Field calculationEdit

VectorFieldPlot provides formulas to calculate the field at any given point in the image plane. The user can put together some given field-generating elements as charges or wires. The fields of those elements are added together and constitute the total field.

Field line integrationEdit

Each field line starts at a user-given point. It is then carried forward using the classical fourth order Runge-Kutta method with stepsize adaption. Well, scipy does provide us a routine for things like that, namely odeint. Nevertheless VectorFieldPlot uses it's own routine, since there are tons of special cases like singularities, edges or loop closure, which all need their special treatment.

The integration steps from point to point until it exceeds some given limits, hits a singularity or closes a loop. After that, a dense output routine is provided, which makes the complete fieldline accessible as an efficient parametric function.

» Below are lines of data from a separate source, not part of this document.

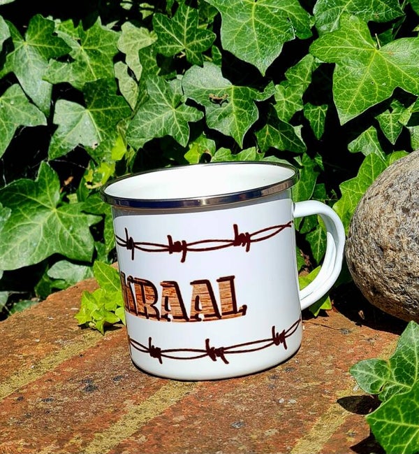 Enamel mugs with imprinted logos are ink infused into the mug and are hand wash and dishwasher safe.
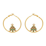 Stainless Steel Rainbow Zircon Christmas Tree Hoop Earrings
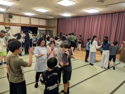 レク係を中心に、修二新喜劇と猛獣狩り進化版を楽しみました。修学旅行を舞台にした内容で、豪華な俳優陣?も活躍。笑顔いっぱいのひとときでした。

With some field elements there occur non differentiable locations. In this cases VectorFieldPlot provides some sophisticated routines to detect that, locate them precisely and walk right over them without generating significant errors.

Polyline creationEdit

VectorFieldPlot is supposed to create vector output. Hence all paths need to be represented in an adequate way. Cubic bezier curves are one way to do this, but the inconvenience to adapt them to a given curve within given accuracy limits has made simple straight line segments the first choice. VectorFieldPlot runs an iterative process of putting line segments on the path, meassuring the resulting errors and accordingly adapting the segment length. The result is a quite memory efficient path, that satisfies given accuracy requirements well beyond observable deviations.

Image exportEdit

VectorFieldPlot uses the lxml library to generate xml and especially svg code. All image elemets are translated into the svg language and written to the image file. The vector images can be viewed directly by firefox, eye of gnome, rsvg-view and many more. Graphics programes like gimp allow for conversation to png raster images if necessary.

UsageEdit

VectorFieldPlot is used by pasting your image-defining code right at the end of the program file. With a python environment installed, the program can be executed directly and your image file will be written to the local directory.

The definition of an image inside of VectorFieldPlot basically consists of three steps:

Setting up the fieldEdit

Create the image document:

doc = FieldplotDocument('VFPt charges plus minus', width=800, height=600, unit=100)

This intances the FieldplotDocument class which represents an image environment and has the ability to be written to an image file later on.
parameters of FieldplotDocument:

  • name: Name of the image and the file it will be saved to
  • width (800): width of the image in pixels
  • height (600): height of the image in pixels
  • digits (3.8): accuracy of the field lines in units, used for calculating the space between points and rounding of numbers. It is recommended to use 2 < digits ≤ 5
  • unit (100): number of pixels of one unit
  • center ([width/2, height/2]): position of the coordinate system center in pixels
  • licence ('cc-by-sa'): licence of the image ('cc-by-sa' and None are provided)
  • commons (False): Add a link to Wikimedia Commons (useful if the image will be published there under the same name)

Set up the field:

field = Field([['monopole', {'x':-1., 'y':0., 'Q':1.}]]})

The Field-class contains the theoretical setup and privides all functions to calculate the physical field.
Field has only one parameter:

Additional elements can be added later on by appending them to the Field.elements list.

field.elements.append(['monopole', {'x':1.5., 'y':0., 'Q':-1.}])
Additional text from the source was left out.